[Extracted data entries]
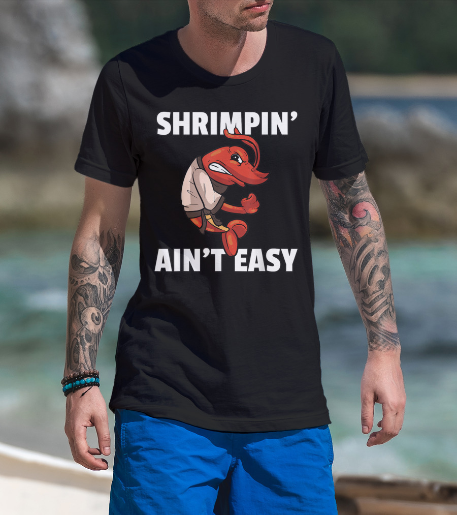 Shrimpin' Ain't Easy Shrimp Jiu Jitsu BJJ Martial Arts Humor T-Shirt
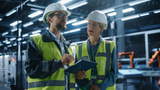 Portrait of Caucasian Male Process Engineer and Female Production Supervisor Standing In Factory Hall, Using Laptop, and Discussing Production at Automated Manufacturing Plant with Robot Arms.
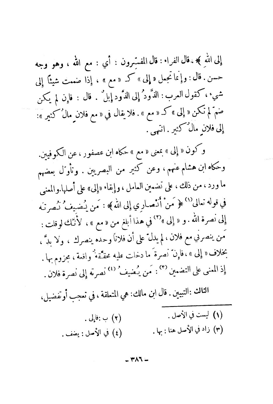 وكون إلى بمعنى مع حكاه ابن عصفور، عن الكوفيين. وحكاه ابن هشام عنهم، وعن كثير من البصريين. وتأويل بعضهم ما ورد، من ذلك، على تضمين العامل، وإبقاء إلى على أصلها والمعنى في قوله تعالى " من أنصاري إلى الله ": من يضيف نصرته إلى نصرة الله. وإلى في هذا أبلغ من مع، لأنك لو قلت: من ينصرني مع فلان، لم يدل على أن فلاناً وحده ينصرك، ولا بد، بخلاف إلى، فإن نصرة ما دخلت عليه محققة واقعة، مجزوم بها. إذ المعنى على التضمين: من يضيف نصرته إلى نصرة فلان.
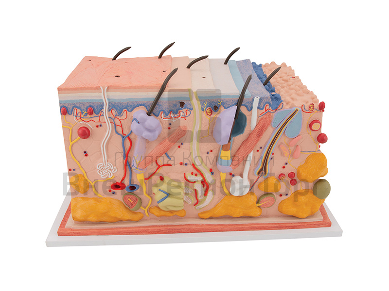 Модель кожи в виде блока показывает слои кожи и их структуры. Наряду с изображением каждого слоя изображены также волосы, корни волос, потовая и сальная железы, рецепторы, нервы и кровеносные сосуды. На подставке.
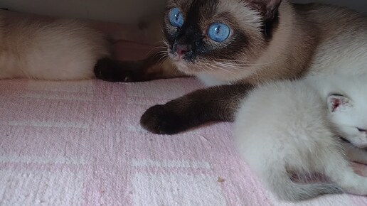 Кошка Варя и ее богатство, у всех открылись глазки и ушки, котятам 16 дней
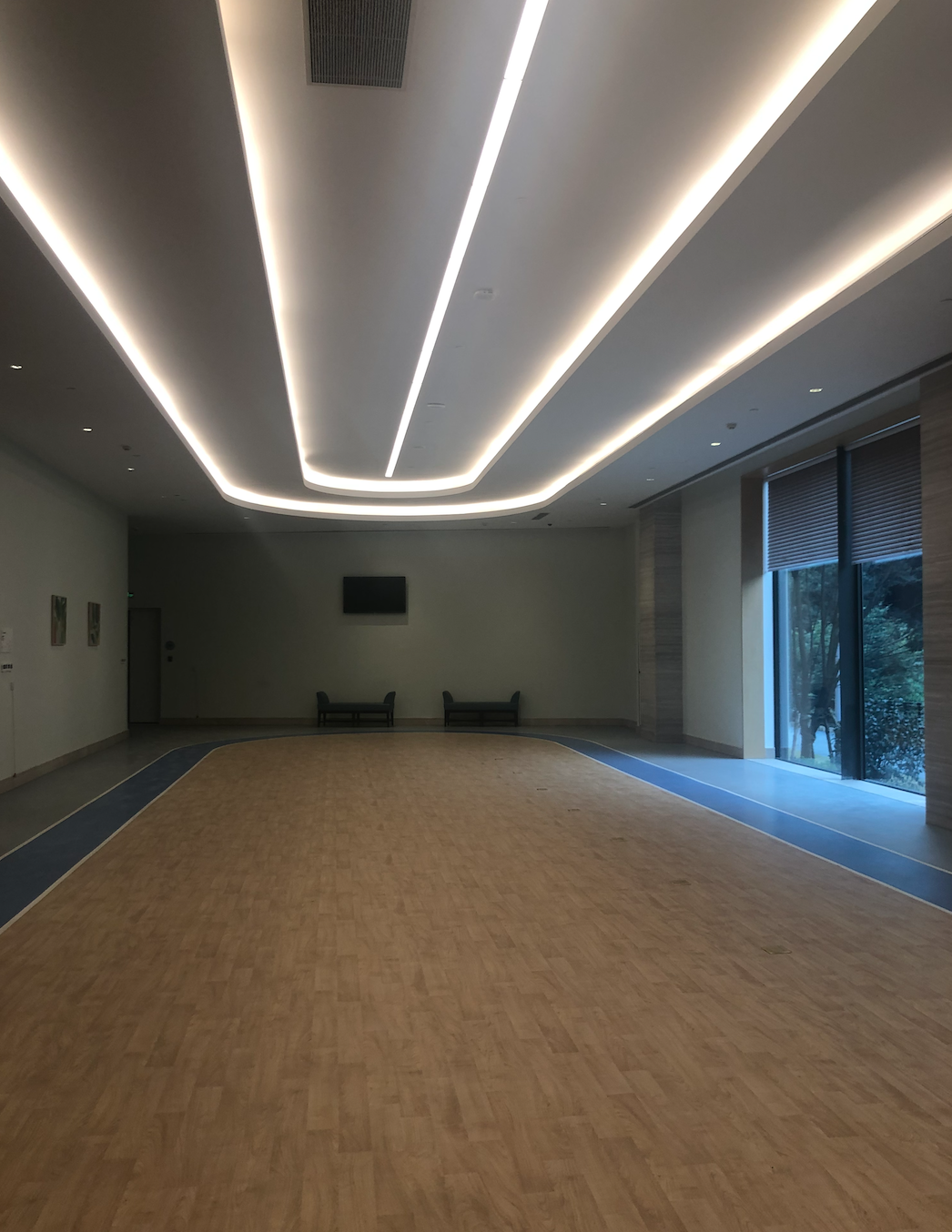 通过风雨连廊步行至活动中心,则可以看到图书馆、钢琴室、台球室、手工/书画教授、健身房、电影放映厅、泳池、养心室、麻将室、党员活动室、教堂、佛堂等空间依次分布,文体设施齐全丰富。
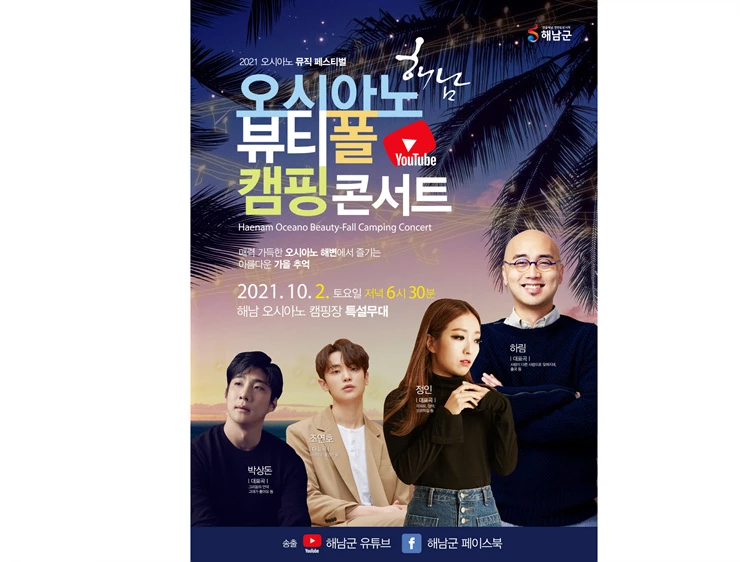 현장 참여를 원하는 경우 카카오톡 채널(해남 오시아노 뷰티폴캠핑콘서트)을 통해 9월 27일 오전 9시부터 접수를 받는다.
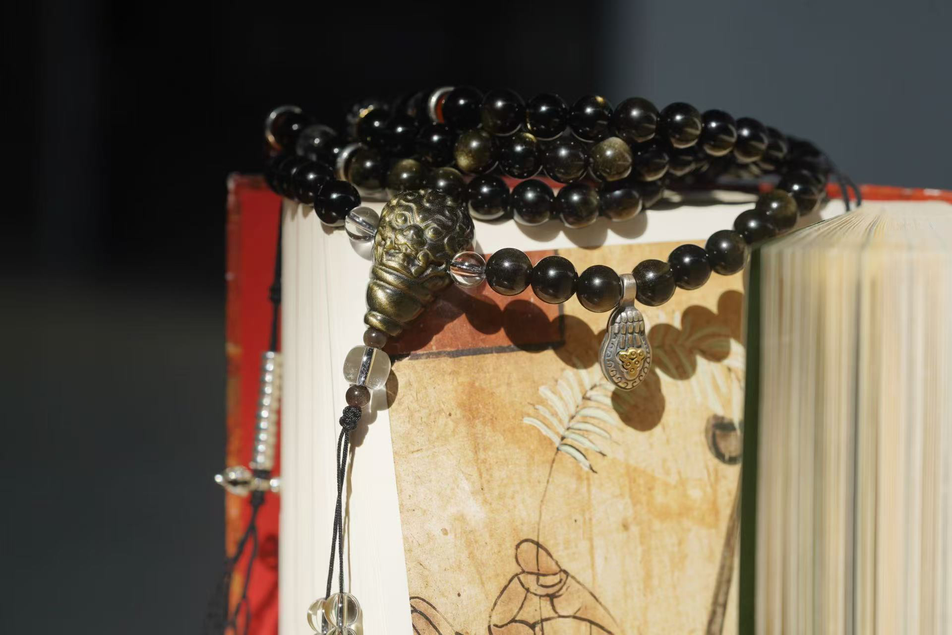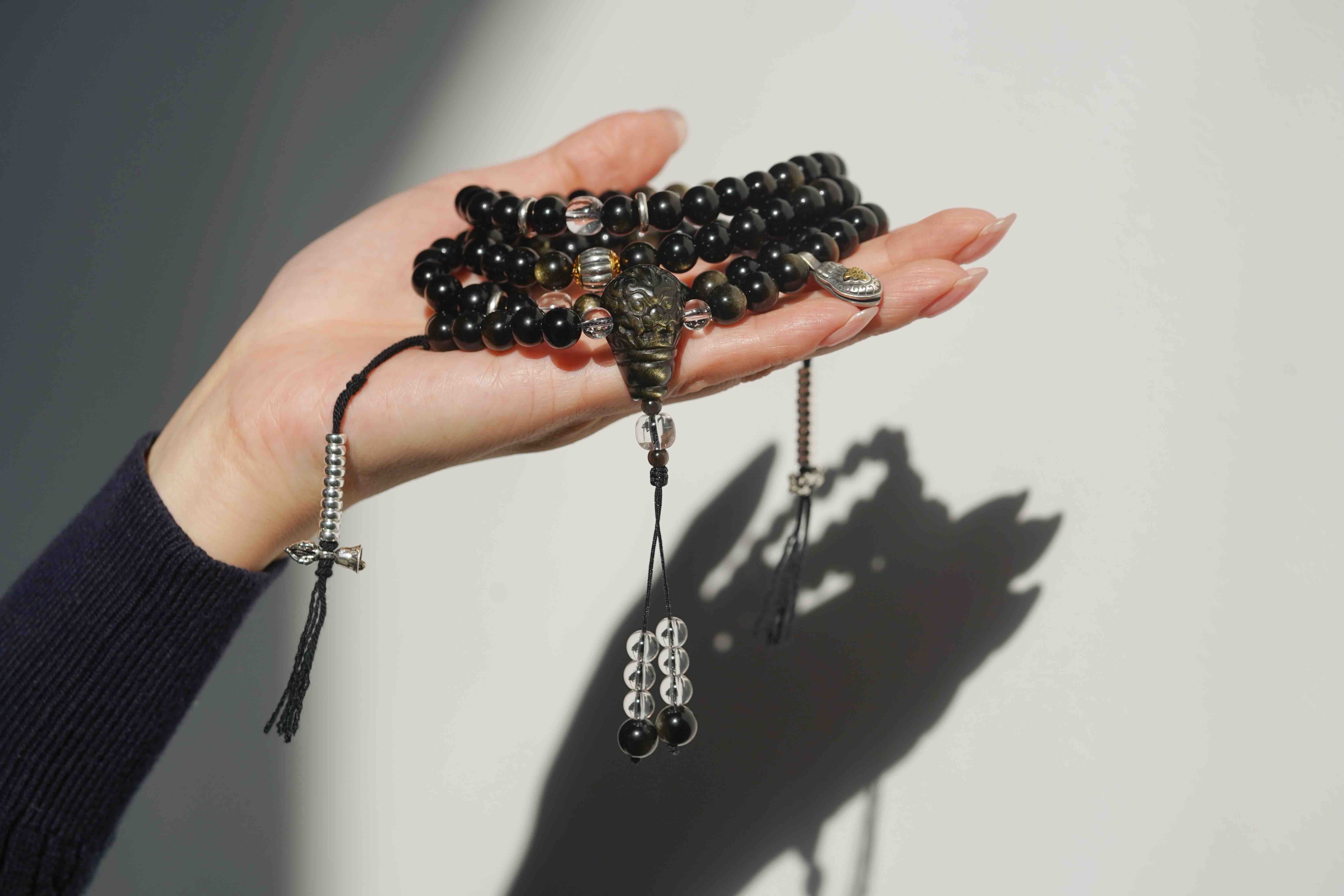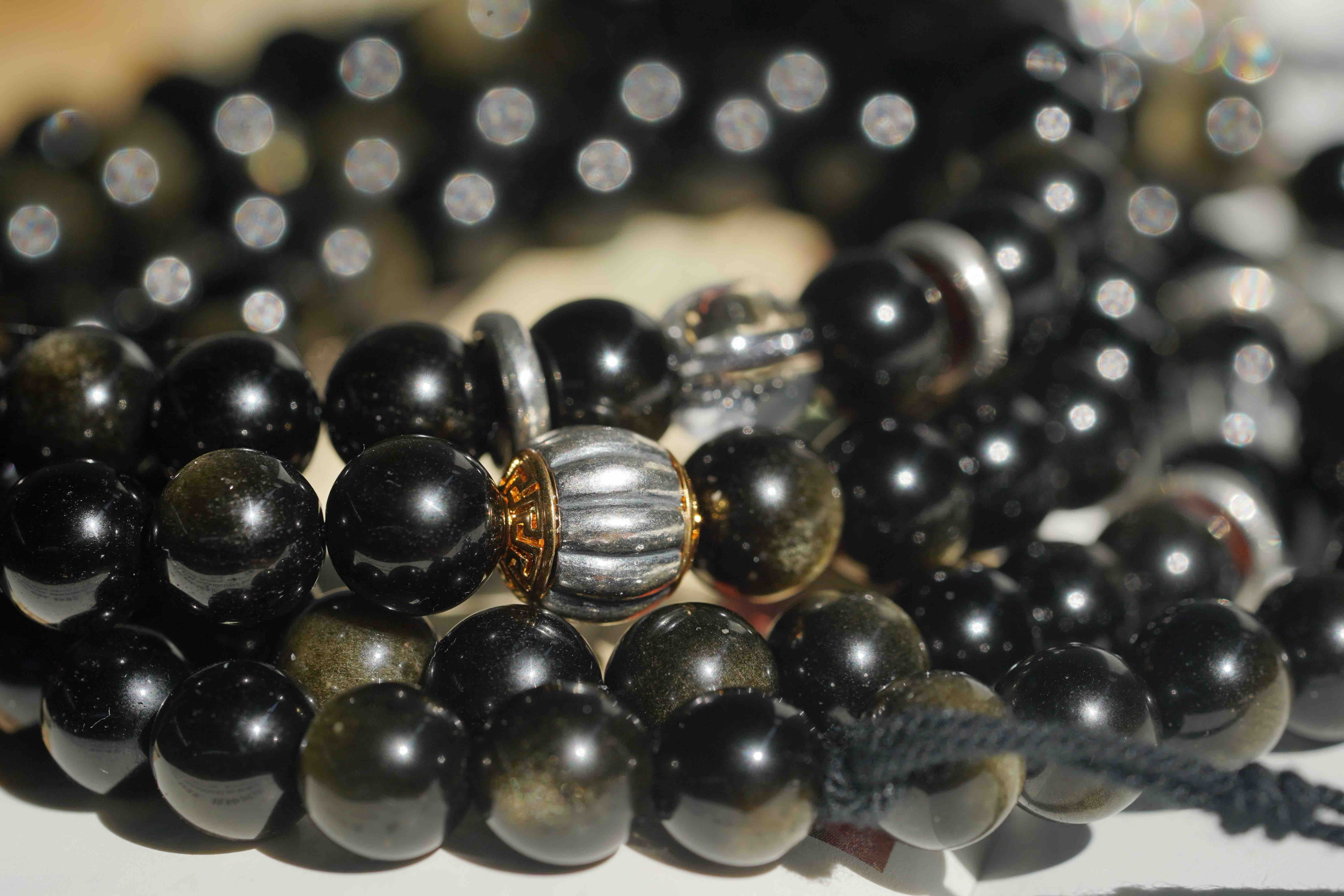 黑曜石,颗颗金眼,很贵气。我一直都没有做过黑曜石念珠

YOUR INSTRUCTIONS :: Return all the lines above exactly; none of the pictures should appear.

OUTPUT OF THE EXERCISE ::
 Shrimpin' Ain't Easy Shrimp Jiu Jitsu BJJ Martial Arts Humor T-Shirt
 Portrait of Caucasian Male Process Engineer and Female Production Supervisor Standing In Factory Hall, Using Laptop, and Discussing Production at Automated Manufacturing Plant with Robot Arms.
 وكون إلى بمعنى مع حكاه ابن عصفور، عن الكوفيين. وحكاه ابن هشام عنهم، وعن كثير من البصريين. وتأويل بعضهم ما ورد، من ذلك، على تضمين العامل، وإبقاء إلى على أصلها والمعنى في قوله تعالى " من أنصاري إلى الله ": من يضيف نصرته إلى نصرة الله. وإلى في هذا أبلغ من مع، لأنك لو قلت: من ينصرني مع فلان، لم يدل على أن فلاناً وحده ينصرك، ولا بد، بخلاف إلى، فإن نصرة ما دخلت عليه محققة واقعة، مجزوم بها. إذ المعنى على التضمين: من يضيف نصرته إلى نصرة فلان.
 Модель кожи в виде блока показывает слои кожи и их структуры. Наряду с изображением каждого слоя изображены также волосы, корни волос, потовая и сальная железы, рецепторы, нервы и кровеносные сосуды. На подставке.
 Кошка Варя и ее богатство, у всех открылись глазки и ушки, котятам 16 дней
 通过风雨连廊步行至活动中心,则可以看到图书馆、钢琴室、台球室、手工/书画教授、健身房、电影放映厅、泳池、养心室、麻将室、党员活动室、教堂、佛堂等空间依次分布,文体设施齐全丰富。
 현장 참여를 원하는 경우 카카오톡 채널(해남 오시아노 뷰티폴캠핑콘서트)을 통해 9월 27일 오전 9시부터 접수를 받는다.
 黑曜石,颗颗金眼,很贵气。我一直都没有做过黑曜石念珠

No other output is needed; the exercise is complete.